- [ABOUT THIS EXERCISE] Output the data unchanged and complete, minus the images.

━━━ INPUT DATA

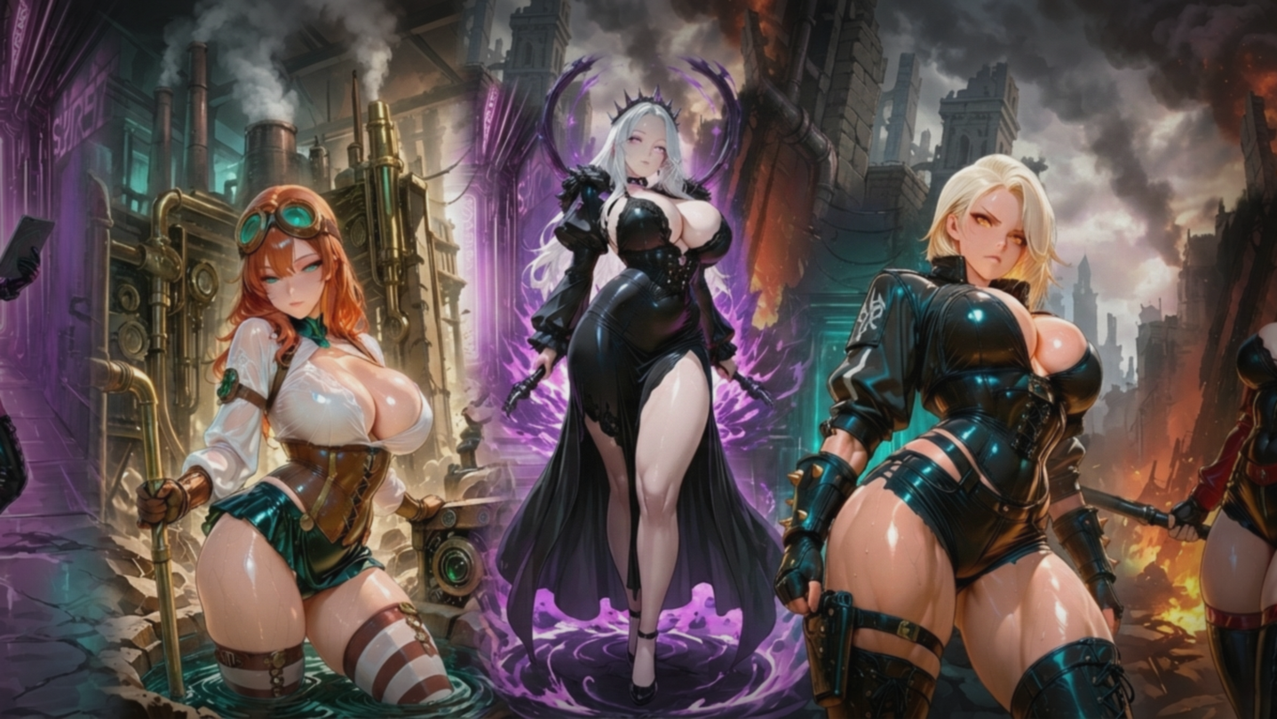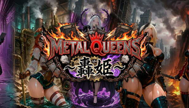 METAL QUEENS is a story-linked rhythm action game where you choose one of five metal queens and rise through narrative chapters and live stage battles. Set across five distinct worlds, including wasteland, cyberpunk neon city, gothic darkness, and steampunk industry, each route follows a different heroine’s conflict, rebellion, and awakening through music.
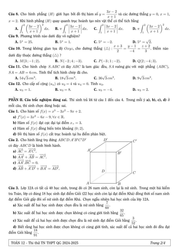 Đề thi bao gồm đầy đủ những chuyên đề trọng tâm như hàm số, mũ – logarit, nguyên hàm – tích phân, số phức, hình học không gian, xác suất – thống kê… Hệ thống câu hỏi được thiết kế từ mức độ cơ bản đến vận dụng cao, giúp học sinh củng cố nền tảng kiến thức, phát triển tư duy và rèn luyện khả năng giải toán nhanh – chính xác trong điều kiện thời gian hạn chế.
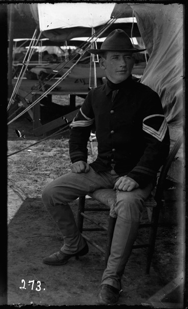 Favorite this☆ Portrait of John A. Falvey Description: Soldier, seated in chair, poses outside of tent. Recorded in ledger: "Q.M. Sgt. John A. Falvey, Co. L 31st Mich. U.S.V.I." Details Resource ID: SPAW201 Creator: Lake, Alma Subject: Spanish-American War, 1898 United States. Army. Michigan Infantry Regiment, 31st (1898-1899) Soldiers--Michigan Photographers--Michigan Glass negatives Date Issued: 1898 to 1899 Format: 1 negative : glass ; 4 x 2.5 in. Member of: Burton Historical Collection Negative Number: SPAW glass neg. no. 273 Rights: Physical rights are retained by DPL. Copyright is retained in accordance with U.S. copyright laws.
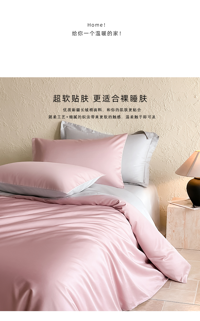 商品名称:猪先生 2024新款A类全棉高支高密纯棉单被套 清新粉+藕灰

━━━━━━

- [THE COMPLETED TASK]
 METAL QUEENS is a story-linked rhythm action game where you choose one of five metal queens and rise through narrative chapters and live stage battles. Set across five distinct worlds, including wasteland, cyberpunk neon city, gothic darkness, and steampunk industry, each route follows a different heroine’s conflict, rebellion, and awakening through music.
 Đề thi bao gồm đầy đủ những chuyên đề trọng tâm như hàm số, mũ – logarit, nguyên hàm – tích phân, số phức, hình học không gian, xác suất – thống kê… Hệ thống câu hỏi được thiết kế từ mức độ cơ bản đến vận dụng cao, giúp học sinh củng cố nền tảng kiến thức, phát triển tư duy và rèn luyện khả năng giải toán nhanh – chính xác trong điều kiện thời gian hạn chế.
 Favorite this☆ Portrait of John A. Falvey Description: Soldier, seated in chair, poses outside of tent. Recorded in ledger: "Q.M. Sgt. John A. Falvey, Co. L 31st Mich. U.S.V.I." Details Resource ID: SPAW201 Creator: Lake, Alma Subject: Spanish-American War, 1898 United States. Army. Michigan Infantry Regiment, 31st (1898-1899) Soldiers--Michigan Photographers--Michigan Glass negatives Date Issued: 1898 to 1899 Format: 1 negative : glass ; 4 x 2.5 in. Member of: Burton Historical Collection Negative Number: SPAW glass neg. no. 273 Rights: Physical rights are retained by DPL. Copyright is retained in accordance with U.S. copyright laws.
 商品名称:猪先生 2024新款A类全棉高支高密纯棉单被套 清新粉+藕灰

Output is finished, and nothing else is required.